+++ Exercise inputs

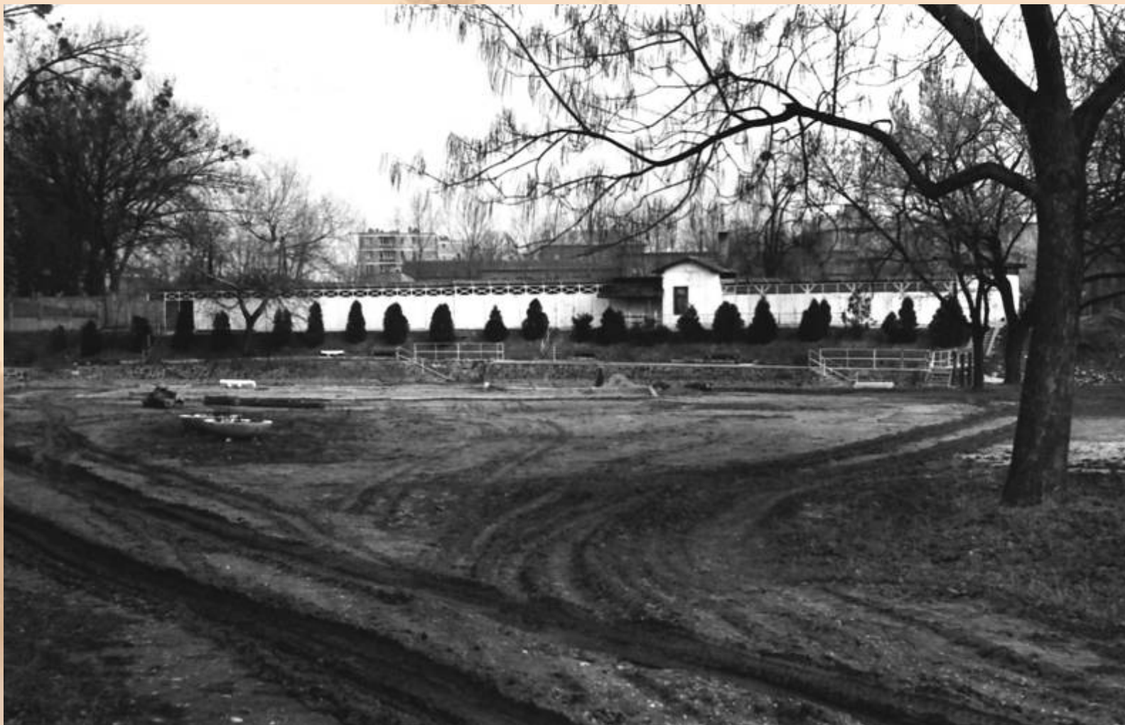
A régi strandként ismert fürdőhely és kabinsora a Perint-patakon, a Kondics (Kenderesi) utcában, 1966. 02. 16.
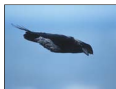
Corvo-comum ( Corvus corax )
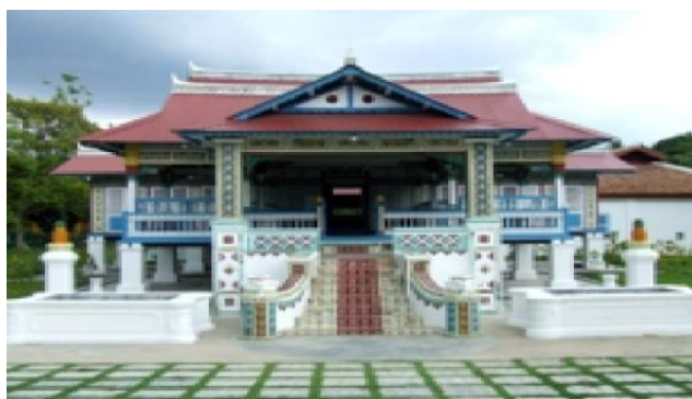
Gambar1: Rumah Penghulu Abdul Ghani 20

dinding dan tiang konkrit yang rosak, mengikis dan mengecat semula, menanggalkan dan memasang jubin seramik, merobohkan dinding tambahan, membaik pulih struktur kerangka dan kemas bumbung serta kerja-kerja berkaitan seperti membaik pulih pelamin, kabinet dinding, tempat memasak, kabinet dapur, kolah bilik air serta tiang dan pelbagai motif ukiran. Usaha tersebut penting bagi mengekalkan warisan peninggalan nenek moyang untuk generasi akan datang.
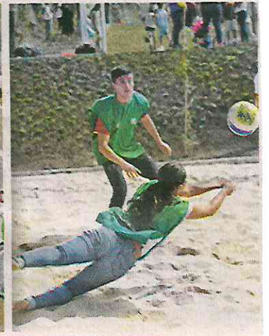
DE ESTRENO. El parque se ubica en Avenida del Imán número 263, Colonia Ajusco y beneficiará a 450 mil vecinos.
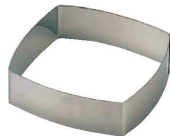
12 正方A型 (WDB-68) 内
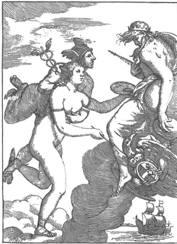
Abb. 9: Marco Boschini, »Merkur, Jupiter die Pittura darreichend«, Frontispiz in: Carta I666.
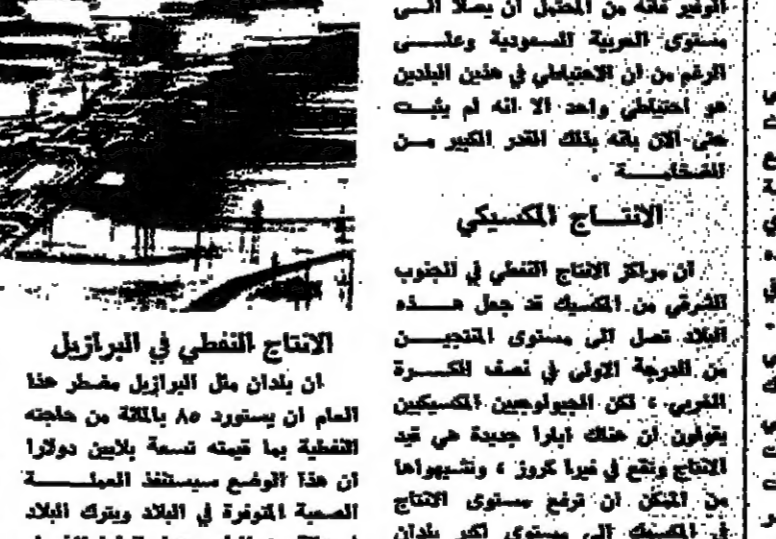
الانتاج النفطي في البرازيل

هناك بحث جئوني مستقيم من المصادر النفطية عبر اراضي نصف الكرة الغربي ، من الإسكا حتى تيرانيل فويجو تحفر الآلات السهول والجبال والاراضي المستقيمة بحثا عن الذهب الاسود الذي يقول الجيولوجيون انه تحت سطح الارض
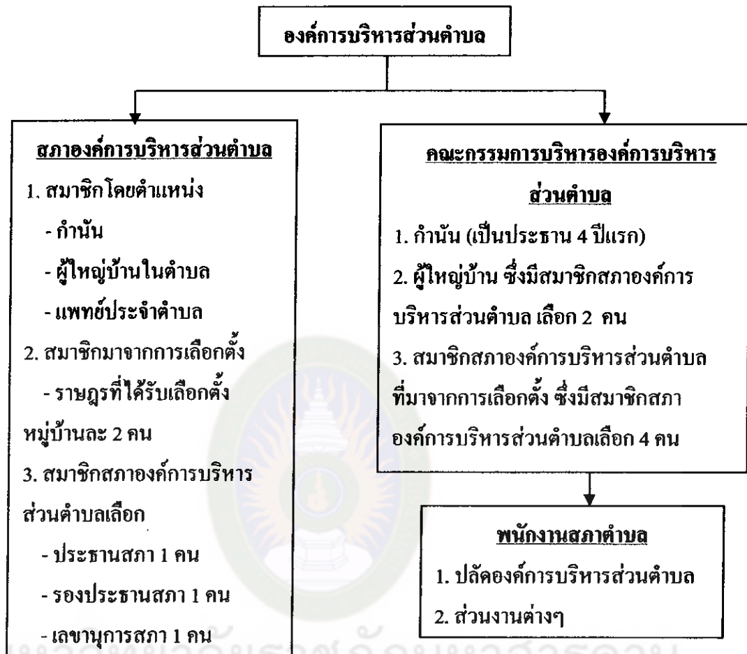
แผนภูมิที่ 1 โครงสร้างองค์การบริหารส่วนตำบล ตามพระราชบัญญัติสภาตำบล และองค์การบริหารส่วนตำบล พ.ศ.2537

คณะกรรมการบริหารองค์การบริหารส่วนตำบล (โครงสร้างเดิมถูกแก้ไขให้ยกเลิกไปแล้ว) คณะกรรมการบริหารองค์การบริหารส่วนตำบล ประกอบด้วย กำนัน (เป็นประธาน 4 ปีแรก) ผู้ใหญ่บ้าน ไม่เกิน 2 คน และสมาชิกที่ได้รับเลือกตั้ง ไม่เกิน 4 คน ซึ่งนายอำเภอเป็นผู้แต่งตั้ง ตามมติของสภาองค์การบริหารส่วนตำบล อยู่ในตำแหน่งคราวละ 4 ปี ให้คณะกรรมการบริหาร เลือกกรรมการบริหารคนหนึ่ง เป็นประธานกรรมการบริหาร และเลือกกรรมการบริหารอีกคนหนึ่งเป็นเลขานุการคณะกรรมการบริหาร บทเฉพาะกาล ได้กำหนดไว้ใน 4 ปีแรก นับตั้งแต่วันที่พระราชบัญญัติสภาตำบลและองค์การบริหารส่วนตำบลใช้บังคับ ให้กำนันเป็นประธานกรรมการบริหาร โดยตำแหน่ง การกำหนดให้องค์การบริหารส่วนตำบลมีทั้งสภาองค์การบริหารส่วนตำบล และคณะกรรมการบริหารองค์การบริหาร
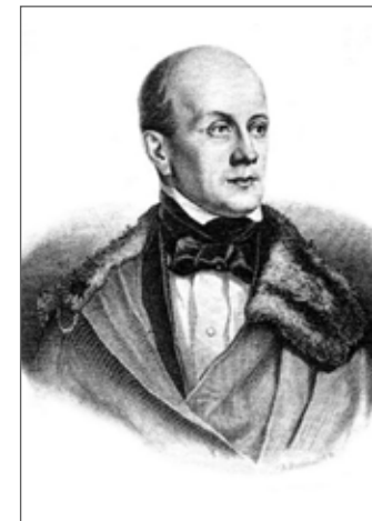
П.Я. Чаадаев, философ, публицист, общественный деятель

“Твое заключение о Пушкине справедливо: в нем точно есть еще варварство (из письма брату)”.
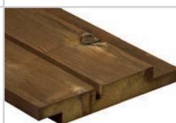
D-fals90° m/spor Kebony Character 21 x 148 mm
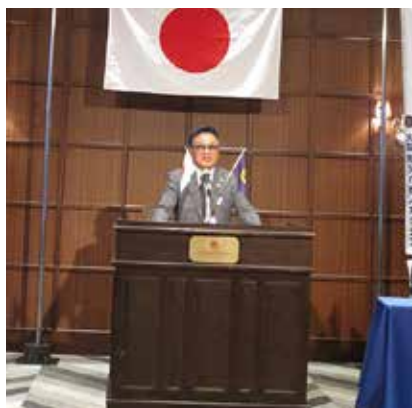
4R1Z ZC 鳥山雅庸 ご挨拶
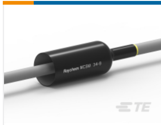
TE 产品编号EE0455-000 WCSM-34/8-300-S-(B50)
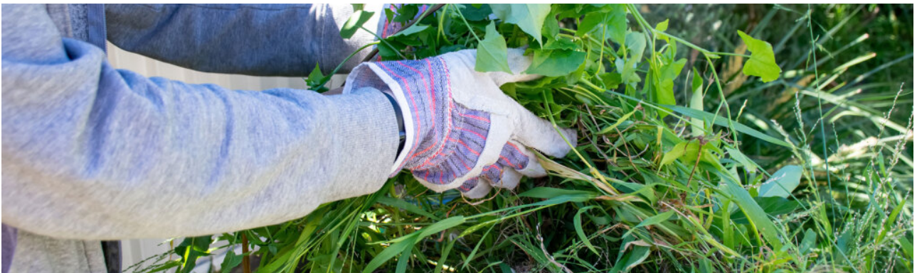
Ophalen van groenafval ▶
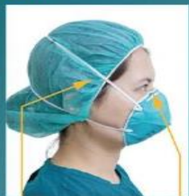
上下綁帶撐開 綁帶綁緊(可打結) 口罩應戴至鼻樑上端
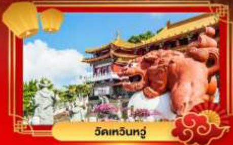
วัดเหวินทู่
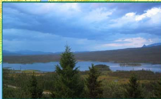
Østervikvannet (Snubbavannet) sett fra Snubba
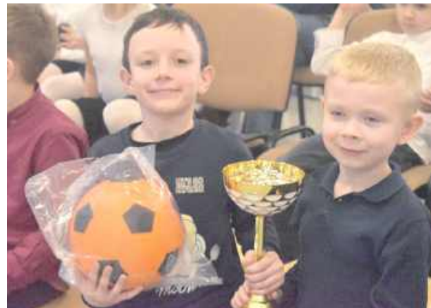
Na zwycięzców czekały nagrody i puchary
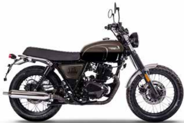
CHARLY BROWN / TITAN BLACK 1

* rispetta il Regolamento Delegato (UE) N. 134/2014 della Commissione, allegato VII 1 Dotazioni di serie sui modelli Cromwell 125 Charly Brown e Backstage Black 2 Dotazioni di serie sui modelli Cromwell 125 Submarine Yellow e Timberwolf Grey
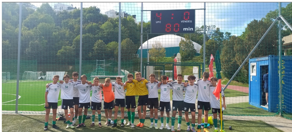
U15 MLSZ Regionális kiemelt bajnokság első mérkőzése a Nagykanizsa ellen és óriási siker 4-0.
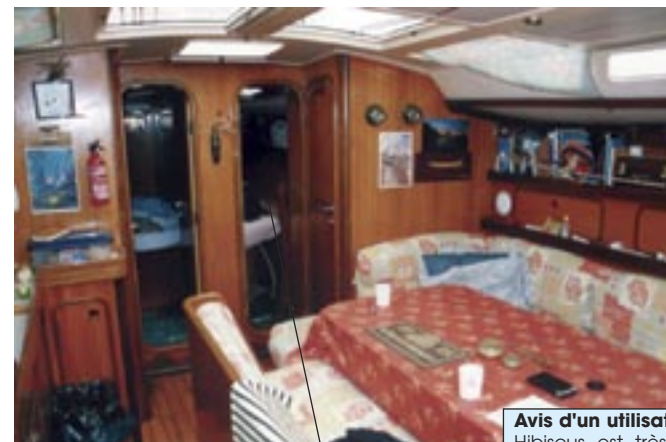
carré et cabines avant
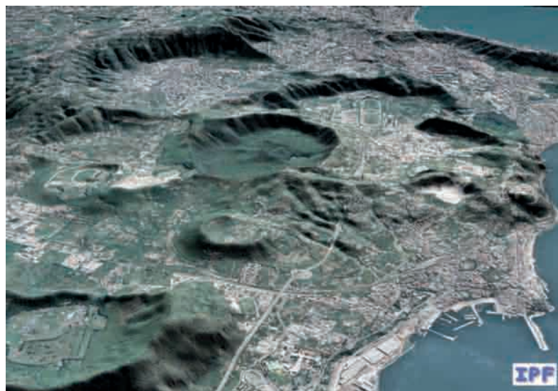
L'area dei Campi Flegrei, di evidente origine vulcanica.

L'ultima grande eruzione del Vesuvio risale al 1944, solo qualche decennio fa. In effetti, salendo per il sentiero scavato nella lava, che conduce all'orlo del cratere principale, a 1.281 metri di altitudine, si
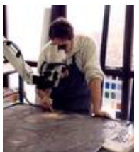
Voruntersuchung am Mikroskop
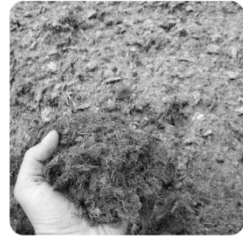
Kuiviketurve 30 kg 11,50 € / paali
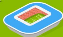
7 Стадион Калининград
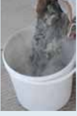
Harç suya eklenmesi
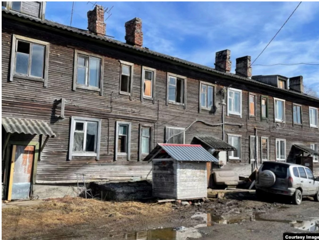
В деревне Хийденсельге
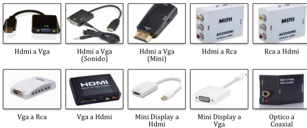
Figura 4. Convertidores-Adaptadores
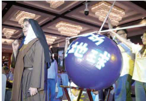
▲聖女小德蘭的分享祈禱為一根槓桿，天主為我們的支點，我們可以撐起整個世界。
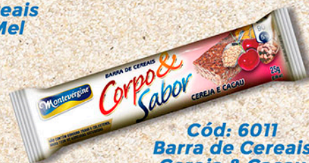
Cód: 6011 Barra de Cereais Cereja & Cacau
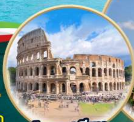
โคลอสเซียม
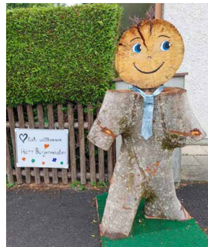
Das neue Perchtinger „Manschgerl“ begrüßt den Bürgermeister zur Ortsteilversammlung

Am 11. Juli ging es in Perchting zuerst um den Dauerbrenner, die alte Schule bzw. den ehemaligen Kindergarten. Dieser wird jetzt für die nächsten Jahre seiner eigentlichen Bestimmung zugeführt und interimswise als Kindertagesstätte einer Starnberger Einrichtung genutzt. Mögliche spätere Alternativnutzungen sollen dann im Rahmen einer Bürger-versammlung erörtert werden. Ein breiter Konsens zeichnete sich bei der Beibehaltung der Tempo 30 Zone und damit auch der rechts vor links Regelung
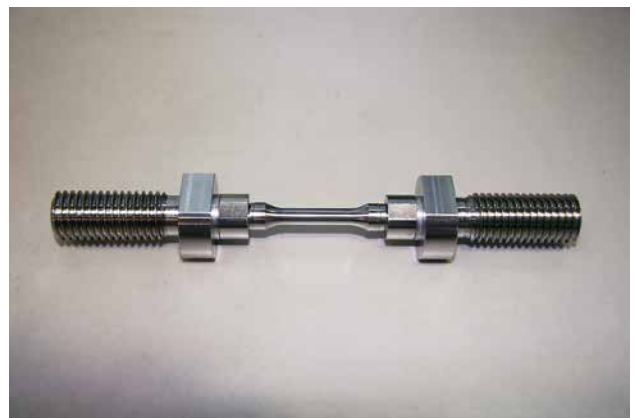
丸型試験片接続棒
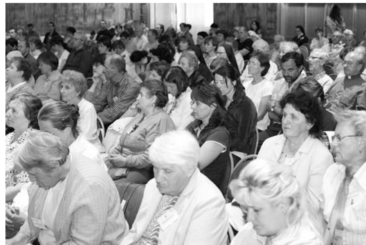
Přednášky a program kongresu probíhaly v kulturním domě v Novém Městě na Moravě

ALE TI, KDO TUTO ŠANCI UCHOPÍ, TAK MOHOU ZAŽÍT V OBROVSKÉ SÍLE LÁSKU BOŽÍ. Mohl bych tady říct ten citát, je to trošku ve smyslu evangelia, ale není to přímo citát: KOMU BYLO MNOHO ODPUŠTĚNO, TEN MNOHO MILUJE (srov. L 10, 47). Právě lidé, kteří toto s Pánem zažili, tak mohou velmi dobře dosvědčit Boží milosrdenství. Protože pro ně to není prázdný pojem, který si najdou v nějakém teologickém slovníku. Pro ně je to přímá zkušenost, pro ně je to opravdová síla, kterou zakusili ve svém životě! Vždyť jsme to zažili! Vždyť ta Boží láska způsobila to, co se zdálo nemožné. Ubohou existenci, trosku, řekli bychom, proměnila nejenom ve
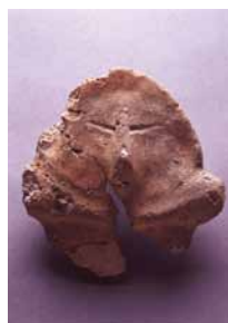
居徳遺跡群出土土偶 所蔵(財)高知県立埋蔵文化財センター

高知平野西側に位置する土佐市高岡町居徳遺跡群から出土した殺傷痕のある人骨や全国最大級で県内初出土の土偶、国内に類例のない精巧な文様で装飾された縄文時代晩期の木胎漆器などからは、東日本の亀ヶ岡文化の影響や、中国との関係が考察され、海流に沿って築かれた壮大な縄文文化ネットワークの存在を窺わせる。
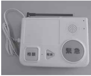
“もしも”のときの安心電話
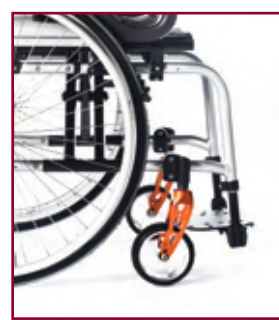
Ángulo de armazón a 95° (opcional). Más corto para mejorar la maniobrabilidad de la silla. Disponible también con curvatura de 2 cm. (sólo con reposapiés fijos).

++++++

- **Task instructions**:
With the pictures left out, copy exactly the lines above from the line containing "7 Стадион Калининград" through the last line of the entries.

- **Answer section**:
7 Стадион Калининград
Harç suya eklenmesi
В деревне Хийденсельге
Figura 4. Convertidores-Adaptadores
▲聖女小德蘭的分享祈禱為一根槓桿，天主為我們的支點，我們可以撐起整個世界。
Cód: 6011 Barra de Cereais Cereja & Cacau
โคลอสเซียม
Das neue Perchtinger „Manschgerl“ begrüßt den Bürgermeister zur Ortsteilversammlung

Am 11. Juli ging es in Perchting zuerst um den Dauerbrenner, die alte Schule bzw. den ehemaligen Kindergarten. Dieser wird jetzt für die nächsten Jahre seiner eigentlichen Bestimmung zugeführt und interimswise als Kindertagesstätte einer Starnberger Einrichtung genutzt. Mögliche spätere Alternativnutzungen sollen dann im Rahmen einer Bürger-versammlung erörtert werden. Ein breiter Konsens zeichnete sich bei der Beibehaltung der Tempo 30 Zone und damit auch der rechts vor links Regelung
丸型試験片接続棒
Přednášky a program kongresu probíhaly v kulturním domě v Novém Městě na Moravě

ALE TI, KDO TUTO ŠANCI UCHOPÍ, TAK MOHOU ZAŽÍT V OBROVSKÉ SÍLE LÁSKU BOŽÍ. Mohl bych tady říct ten citát, je to trošku ve smyslu evangelia, ale není to přímo citát: KOMU BYLO MNOHO ODPUŠTĚNO, TEN MNOHO MILUJE (srov. L 10, 47). Právě lidé, kteří toto s Pánem zažili, tak mohou velmi dobře dosvědčit Boží milosrdenství. Protože pro ně to není prázdný pojem, který si najdou v nějakém teologickém slovníku. Pro ně je to přímá zkušenost, pro ně je to opravdová síla, kterou zakusili ve svém životě! Vždyť jsme to zažili! Vždyť ta Boží láska způsobila to, co se zdálo nemožné. Ubohou existenci, trosku, řekli bychom, proměnila nejenom ve
居徳遺跡群出土土偶 所蔵(財)高知県立埋蔵文化財センター

高知平野西側に位置する土佐市高岡町居徳遺跡群から出土した殺傷痕のある人骨や全国最大級で県内初出土の土偶、国内に類例のない精巧な文様で装飾された縄文時代晩期の木胎漆器などからは、東日本の亀ヶ岡文化の影響や、中国との関係が考察され、海流に沿って築かれた壮大な縄文文化ネットワークの存在を窺わせる。
“もしも”のときの安心電話
Ángulo de armazón a 95° (opcional). Más corto para mejorar la maniobrabilidad de la silla. Disponible también con curvatura de 2 cm. (sólo con reposapiés fijos).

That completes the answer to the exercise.